Utilize price promotions, which can take almost limitless forms. The only constraint is creativity (and some good knowledge or predictions about price response).
Offer different prices based on natural or orchestrated fluctuations in demand.
Charge fees for customer affordances (e.g., change fees, resort fees, surge prices).
Vary the price at random intervals.
Use hi–lo pricing instead of EDLP. Hi-lo is a generic term, essentially the levels and timing of prices makes this an infinite option strategy.
Use a good-better-best pricing strategy.
Vary prices for horizontally and vertically differentiated products in the product line.
Use mixed price bundling, but also consider the judicious or limited use of pure bundling.
Avoid all-inclusive prices, partition your pricing as and when possible.
Use loss leaders alone or in combination with other methods.
Use two-part pricing, by requiring a paid membership for access (e.g., Costco)
Discount complementary products.
Design a complex loyalty rewards program.
Use variable pricing or dynamic pricing anchored to demand changes.
Each pricing tool in the list has its own design parameters and considerations for effective use, and each one merits its own in-depth discussion. Plus, as mentioned earlier, this is by no means a comprehensive list of the available tools. New tools are constantly emerging with technology and with a better understanding of buyer psychology. The main lesson is that all the important work for the pricing decision maker lies in choosing and applying these tools and developing an effective price structure for their products.
Conclusion
When the pricing decision maker makes decisions through the lens of the price structure instead of the price level, they have far more flexibility and greater opportunities to improve the performance of their pricing strategy. As a result, they can pursue the seemingly impossible goals of delivering greater value to customers and concurrently increasing the company’s revenue and profit. They can improve price realization, i.e., earn higher prices, without raising asking prices, or even by selectively lowering them. A more complex price structure that accounts for differences between customers will result in bigger payoffs for the company.
I spent quite a bit of time and effort trying to find companies that sell just one product. I homed in on small startups like Chocbox, which became famous on TikTok for its Dubai chocolate making kit, and Veloci, a sneaker startup founded by Rice University undergraduate students that started with a single shoe called Ascent. In both cases, however, the brands have expanded their offerings to sell different types of chocolate (dark, milk) kits and dips in the case of Chocbox and different colors of Ascent and other models in the case of Veloci. It is my contention that brands offering just one item do not exist in equilibrium.
This is the main point, the punch line so to speak, of this note on price structure.
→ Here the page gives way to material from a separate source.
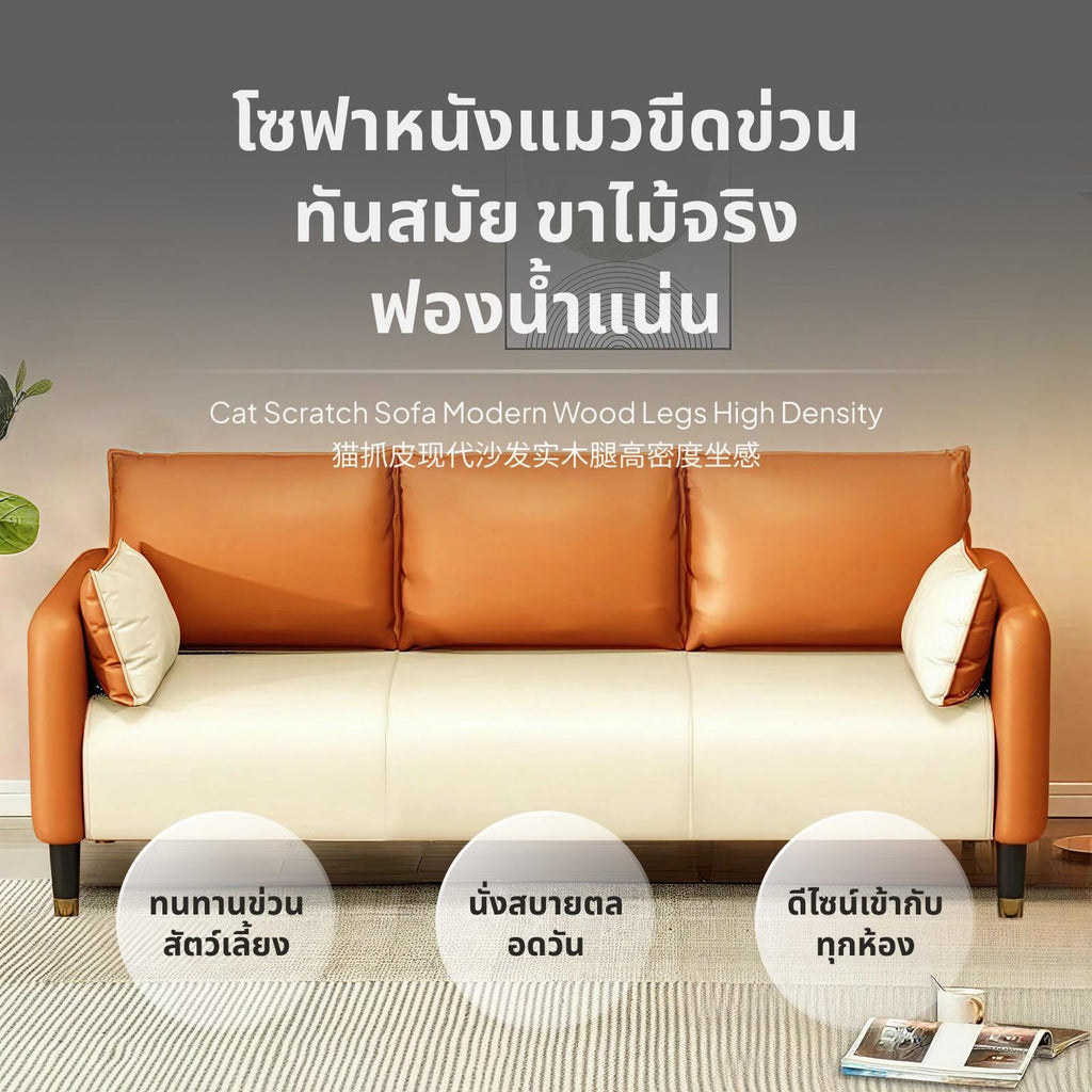 HIGH-QUALITY MATERIAL: Made with cat scratch-resistant fabric, this sofa is perfect for homes with pets.COMFORTABLE SEATING: Filled with high-density sponge for a comfortable sitting experience.STURDY FRAME: Wooden frame ensures stability and durability.ELEGANT DESIGN: Comes with solid wood legs and metal caps for a modern look.VERSATILE USAGE: Ideal for living rooms, bedrooms, offices, boutiques, and salons.

The idea that average prices don’t have to be raised at all to increase the net benefit to both customers and the organization seems counter-intuitive at first glance. But this is the fundamental idea behind effective pricing strategy, and indeed, for making price decisions using the lens of price structure.
It is worth mentioning that EDLP in its pure form is more conceptual than practical. Virtually no company fixes it prices over a lengthy period. In the practical sense, an EDLP strategy plays out through narrower price bands, relatively shallow and infrequent price discounts, so that prices appear to change little and infrequently to customers.